Unlike the regular user, we don't call gis_driver_set_user_permissions()
here. The credentials passed to gis_driver_set_user_permissions()
are used by the summary page to log into the newly-created user's
sessions. The shared user is not the user we want to log in with!
In practice, these credentials are overwritten by a subsequent call to
gis_driver_set_user_permissions() when GisAccountPageLocal emits
::user-created, so the only harm is a small leak of the previous
password (in this case, empty string, so 1 byte) in
gis_driver_set_user_permissions().
We get sporadic reports of systems which only have the shared user, and
no administrator user. (In one case, the user reported not being asked
to create an admin user during the FBE.) It's hard to recover from this
state because the shared user is not an administrator and the root
account is locked; it's also hard to get useful logs, because the shared
user cannot read the full journal. Therefore, we take care to create the
shared user after creating the user-specified administrator user.
(Rebase 3.38: Fix minor rebase conflicts. Add g_autoptr() support and
error propagation.)
.../pages/account/gis-account-page-local.c | 34 +++++++++++++++++++++-
.../pages/account/gis-account-page.c | 16 ++++++++++
gnome-initial-setup/pages/account/um-utils.h | 7 +++++
3 files changed, 56 insertions(+), 1 deletion(-)
---
diff --git a/gnome-initial-setup/pages/account/gis-account-page-local.c
b/gnome-initial-setup/pages/account/gis-account-page-local.c
index c858c608..f5c892bb 100644
--- a/gnome-initial-setup/pages/account/gis-account-page-local.c
+++ b/gnome-initial-setup/pages/account/gis-account-page-local.c
@@ -77,6 +77,7 @@ enum {
VALIDATION_CHANGED,
MAIN_USER_CREATED,
PARENT_USER_CREATED,
+ SHARED_USER_CREATED,
CONFIRM,
LAST_SIGNAL,
};
@@ -534,6 +535,33 @@ set_user_avatar (GisAccountPageLocal *page,
g_clear_object (&file);
}
+static gboolean
+create_shared_user (GisAccountPageLocal *local,
+ GError **error)
+{
+ GisAccountPageLocalPrivate *priv = gis_account_page_local_get_instance_private (local);
+ g_autoptr(ActUser) shared_user = NULL;
+
+ shared_user = act_user_manager_create_user (priv->act_client,
+ SHARED_ACCOUNT_USERNAME,
+ SHARED_ACCOUNT_FULLNAME,
+ ACT_USER_ACCOUNT_TYPE_STANDARD,
+ error);
+ if (shared_user == NULL)
+ {
+ g_prefix_error (error,
+ _("Failed to create user '%s': "),
+ SHARED_ACCOUNT_USERNAME);
+ return FALSE;
+ }
+
+ act_user_set_password_mode (shared_user, ACT_USER_PASSWORD_MODE_NONE);
+
+ g_signal_emit (local, signals[SHARED_USER_CREATED], 0, shared_user, "");
+
+ return TRUE;
+}
+
static gboolean
local_create_user (GisAccountPageLocal *local,
GisPage *page,
@@ -616,7 +644,7 @@ local_create_user (GisAccountPageLocal *local,
g_signal_emit (local, signals[MAIN_USER_CREATED], 0, main_user, "");
- return TRUE;
+ return create_shared_user (local, error);
}
static void
@@ -650,6 +678,10 @@ gis_account_page_local_class_init (GisAccountPageLocalClass *klass)

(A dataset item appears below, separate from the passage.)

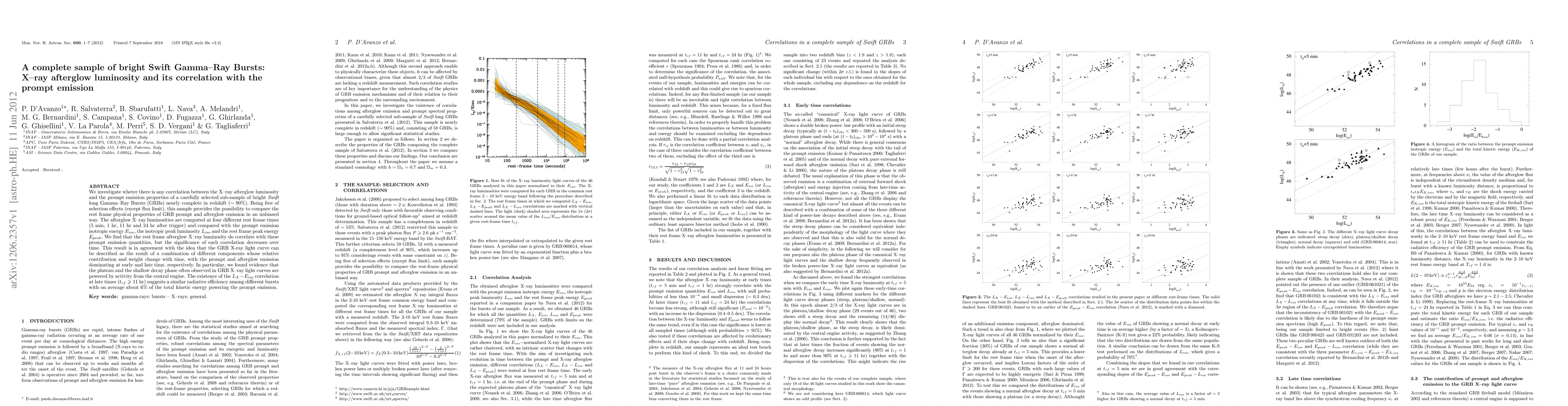We investigate wheter there is any correlation between the X-ray afterglow luminosity and the prompt emission properties of a carefully selected sub-sample of bright Swift long Gamma-Ray Bursts (GRBs) nearly complete in redshift (~90%). Being free of selection effects (except flux limit), this sample provides the possibility to compare the rest frame physical properties of GRB prompt and afterglow emission in an unbiased way. The afterglow X-ray luminosities are computed at four different rest frame times (5 min, 1 hr, 11 hr and 24 hr after trigger) and compared with the prompt emission isotropic energy E_iso, the isotropic peak luminosity L_iso and the rest frame peak energy E_peak. We find that the rest frame afterglow X-ray luminosity do correlate with these prompt emission quantities, but the significance of each correlation decreases over time. This result is in agreement with the idea that the GRB X-ray light curve can be described as the result of a combination of different components whose relative contribution and weight change with time, with the prompt and afterglow emission dominating at early and late time, respectively. In particular, we found evidence that the plateau and the shallow decay phase often observed in GRB X-ray light curves are powered by activity from the central engine. The existence of the L_X-E_iso correlation at late times (t_rf > 11 hr) suggests a similar radiative efficiency among different bursts with on average about 6% of the total kinetic energy powering the prompt emission.

G_SIGNAL_RUN_LAST, 0, NULL, NULL, NULL,
G_TYPE_NONE, 2, ACT_TYPE_USER, G_TYPE_STRING);
+ signals[SHARED_USER_CREATED] = g_signal_new ("shared-user-created", GIS_TYPE_ACCOUNT_PAGE_LOCAL,
+ G_SIGNAL_RUN_LAST, 0, NULL, NULL, NULL,
+ G_TYPE_NONE, 2, ACT_TYPE_USER, G_TYPE_STRING);
+
signals[CONFIRM] = g_signal_new ("confirm", GIS_TYPE_ACCOUNT_PAGE_LOCAL,
G_SIGNAL_RUN_LAST, 0, NULL, NULL, NULL,
G_TYPE_NONE, 0);
diff --git a/gnome-initial-setup/pages/account/gis-account-page.c
b/gnome-initial-setup/pages/account/gis-account-page.c
index f319a267..93d9e81a 100644
--- a/gnome-initial-setup/pages/account/gis-account-page.c
+++ b/gnome-initial-setup/pages/account/gis-account-page.c
@@ -235,6 +235,19 @@ on_network_changed (GNetworkMonitor *monitor,
gtk_stack_set_visible_child (GTK_STACK (priv->offline_stack), priv->page_toggle);
}
+static void
+on_shared_user_created (GtkWidget *page_local,
+ ActUser *user,
+ char *password,
+ GisAccountPage *page)
+{
+ const gchar *language;
+
+ language = gis_driver_get_user_language (GIS_PAGE (page)->driver);
+ if (language)
+ act_user_set_language (user, language);
+}
+
static void
gis_account_page_constructed (GObject *object)
{
@@ -254,6 +267,9 @@ gis_account_page_constructed (GObject *object)
g_signal_connect (priv->page_local, "confirm",
G_CALLBACK (on_local_page_confirmed), page);
+ g_signal_connect (priv->page_local, "shared-user-created",
+ G_CALLBACK (on_shared_user_created), page);
+
g_signal_connect (priv->page_enterprise, "validation-changed",
G_CALLBACK (on_validation_changed), page);
g_signal_connect (priv->page_enterprise, "user-cached",
diff --git a/gnome-initial-setup/pages/account/um-utils.h b/gnome-initial-setup/pages/account/um-utils.h
index b0bb905b..ee86966c 100644
--- a/gnome-initial-setup/pages/account/um-utils.h
+++ b/gnome-initial-setup/pages/account/um-utils.h
@@ -27,6 +27,13 @@
G_BEGIN_DECLS
+/* Endless-specific: username and full name for the built-in shared account, an
+ * unprivileged, passwordless user created after the administrator account on
+ * most images.
+ */
+#define SHARED_ACCOUNT_USERNAME "shared"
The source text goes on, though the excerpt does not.